Dani considered, then nodded. "Good. I feel good." More than that, really. She felt strong. Stronger than she'd ever felt before, and in a way that was completely unfamiliar to her. It wasn't muscles, it was…
Power.
"Dani… something's happened."
She nodded again. "I know. Paris."
He didn't seem surprised by her knowledge but offered details. "She isn't dead. At least-The doctors say it's a coma. They can't explain it. But they couldn't explain you either." He shook his head. "They're saying she's showing some brain activity, and as long as that continues, there's hope."
Dani knew. She heard the clock in her head ticking off the remaining days-or hours, or maybe just minutes-of Paris's hope. There was so little time left.
Bishop came out of the shadows to stand at the foot of her bed. "I'm sorry, Dani."
She looked at him. "I never thought we'd meet with those words, even though I dreamed them. Sort of. But I get it. You knew he'd come after one of us."
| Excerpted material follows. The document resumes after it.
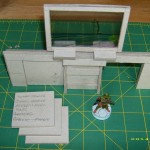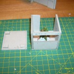 Construction is the same as with ticket booth, apart from all the walls being full height (you don’t want a window in a toilet…) and I made the doors centrally on the wall (so – not a single 20mm wide wall, but two at 6mm (leftover from cutting a 50×50 into 44x50mm). Should’ve made it 2x 7mm, as to keep to the 30mm opening, but well, let’s not be picky.
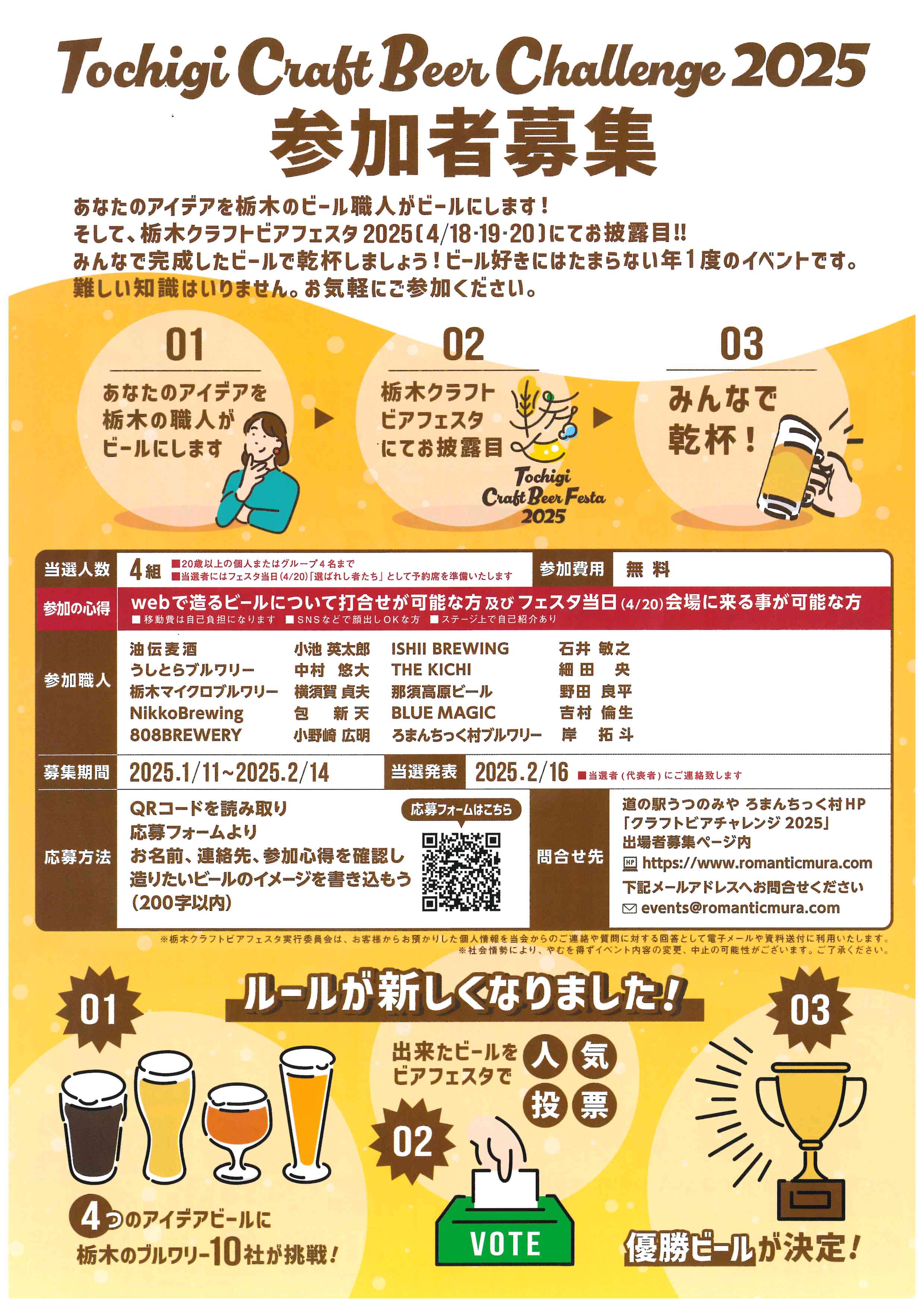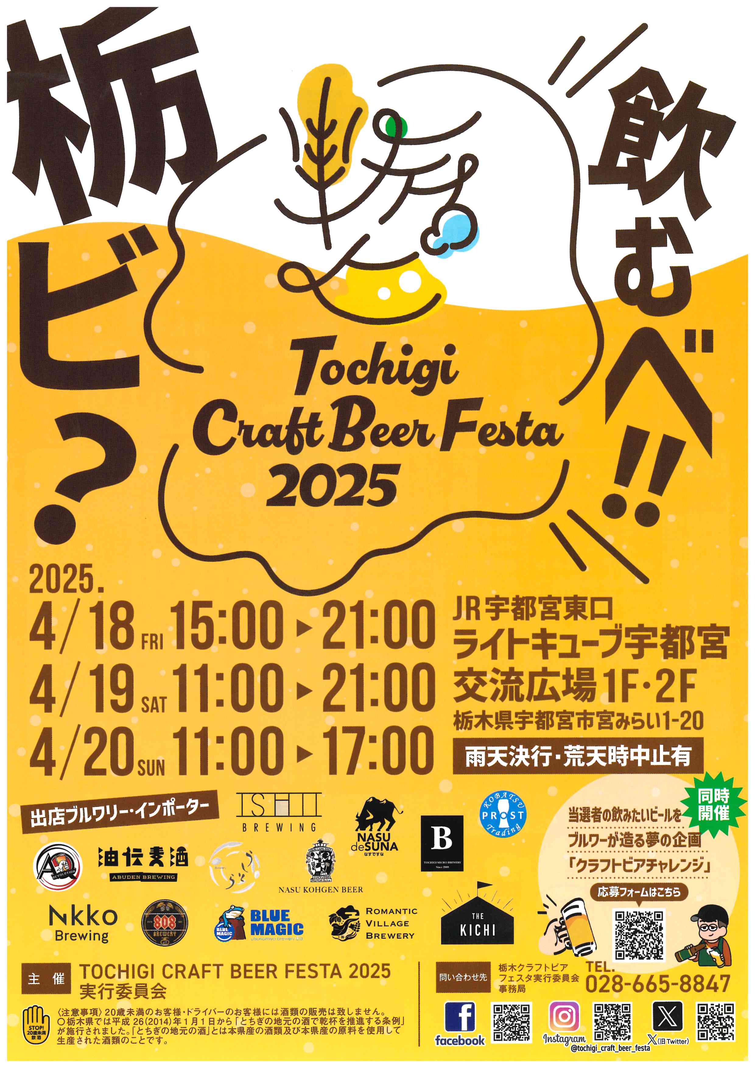 宇都宮を中心とした栃木県内のクラフトビールメーカー約8社が約50種類のクラフトビールを販売するイベントです。クラフトビールを通して農業の活性化や地域活性、中心市街地への誘客を目的としたイベントは、宇都宮や栃木県の食材を使用したビールに合う食事も提供され、ジャズライブも実施されます。また、極力電気を使用しない、ゴミ減量、リユース食器の使用等、節電や環境に配慮したイベント展開をしています。

"Yes. Something Miranda saw. But… it could have been either one of you. There was no way for us to be sure."
"Until I started hearing his voice in my head."
Without flinching, Bishop said, "At first I believed he'd choose Paris as one of his victims. When she wasn't a part of your vision dream, not beside you when she should have been, and once Miranda was out of the picture, that seemed the obvious answer."
"You were going to use her. Watch her, follow her. Wait for him to go after her. Bait on a hook."
"I'm sorry," he repeated. "But it seemed our best chance of catching him. It bothered me from the beginning that neither of you really fit his victim profile, but from the beginning here he was veering from that, at least in terms of coloring. I had to assume his ritual was changing in some fundamental way, and that meant it was possible he was choosing victims using some other criteria and then… making them fit. Both of you could be made to fit.
"You were still dreaming, and Paris was still missing from that dream. That vision dream. But then the killer's M.O. began to change in drastic, unpredictable ways, and quickly. Very quickly. That… neon crime scene. Being a little too obvious in stalking and photographing Marie Goode, a previous victim's jewelry left in her home, plus flowers."
"Too obvious," Dani said, half to herself. "Look at me, look what I'm doing."
Bishop nodded. "Not at all in character for the Boston serial. Not a kind of progression, a kind of evolution, I've ever seen before in a serial killer."
"And yet."
He nodded again. "And yet. We were sure this was the same killer even before we got here, positive in our own minds even without evidence to back that up. Since then, Hollis had seen Becky Huntley, later Shirley Arledge; both of them and Karen Norvell were the right physical type, matching the victims in Boston. And you were hearing that voice, a confirmation of our suspicion that we might be dealing with a psychic killer."